Er, Whats My Password

Updated: Jul 26 2002, 05:30am hrs
Do bank customers celebrate user-Id Before you bark out userwhat, hear this bank manager in a computerised branch. We dont celebrate any user-id here. I mean, under the Negotiable Instruments Act, we have bank holidays on Bakr-Id, Ramzan Id and Id-e-Milad. But I have never heard of this one (User-Id).

Perplexed Dr Sharad D Varde, an information system (IS) auditor and director of Vas Management Consultants, has more anecdotes to tell in his Case Studies On Information Systems Security In Banks. Its a collection of experiences of different IS auditors and risk-assessment experts while carrying out IS audits in banks.

Auditing, whichever form it may be, is a boring job, at least for a layman. But certainly not for Dr Varde: These stories are hard to believe. Even my wife was a bit apprehensive. He tells a story where the staff of a bank used to chant the password while typing it down so as to remember it correctly and type without errors. Remem-bering password is not as easy a job as it seems, says Dr Varde.

To elucidate: Older people here (in a bank) find it difficult to remember their usernames and passwords.

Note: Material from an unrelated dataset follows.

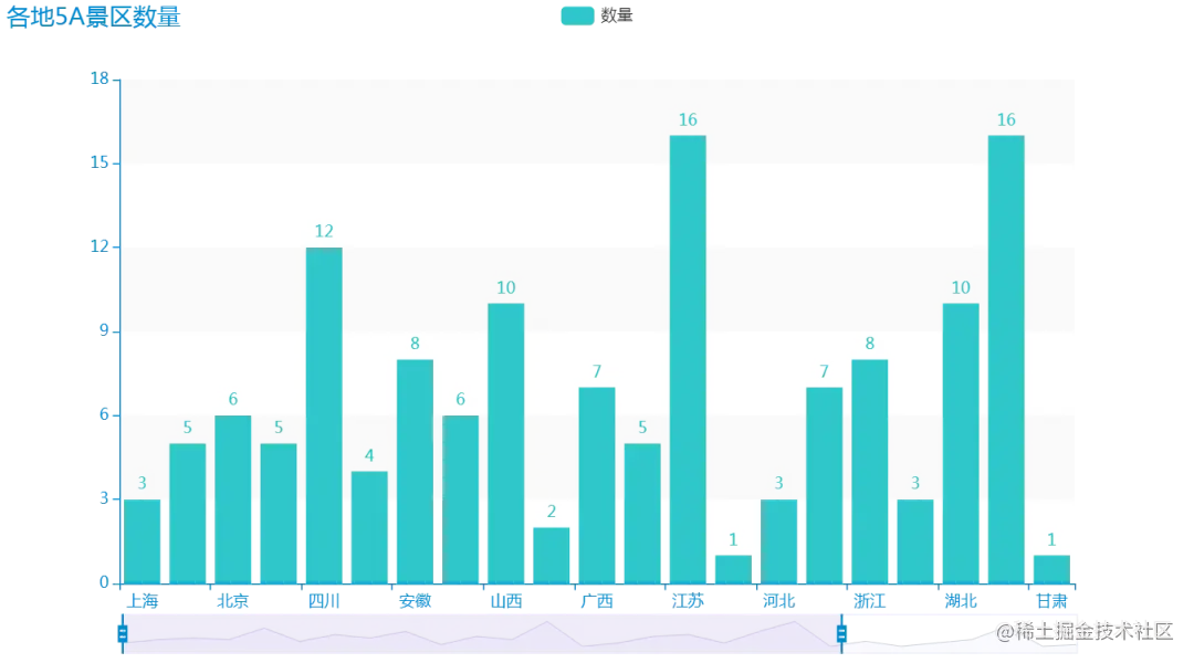 我们再来看一下各省级行政区划的 5A 级景区数量情况,主要代码实现如下: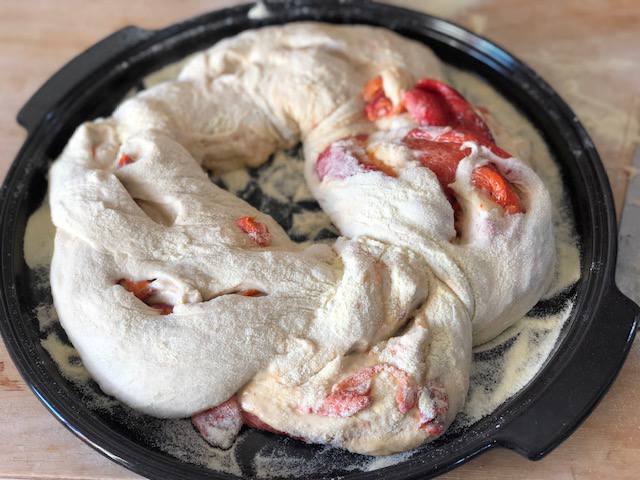 Infarinare la base dello stampo, posizionare l’impasto a corona chiudere lo stampo e far lievitare per 30 minuti, trascorso questo tempo incidere la superficie del pane .

So, complicated alpha-numeric characters are out of question for them. The solution we found is that they use their own name as username and the name of one of their dear ones as password. And no one was unwilling to let everyone know their passwords that will, afterall, help them in case they forgot the passwords!

However, the systems administrator at the above bank was a jovial fellow. He suggested employees must use college sweetheart names or their own age as passwords. I bet, this password will never be forgotten. None will reveal his or her password, grinned the system administrator.

These anecdotes nevertheless alert us to the perils of modern banking system run by IT-illiterates. Can you imagine a bank manager sharing his password with his colleagues and spreading the risk of letting out confidential information. The case study is a wake up call. Especially in the backdrop of bank scams.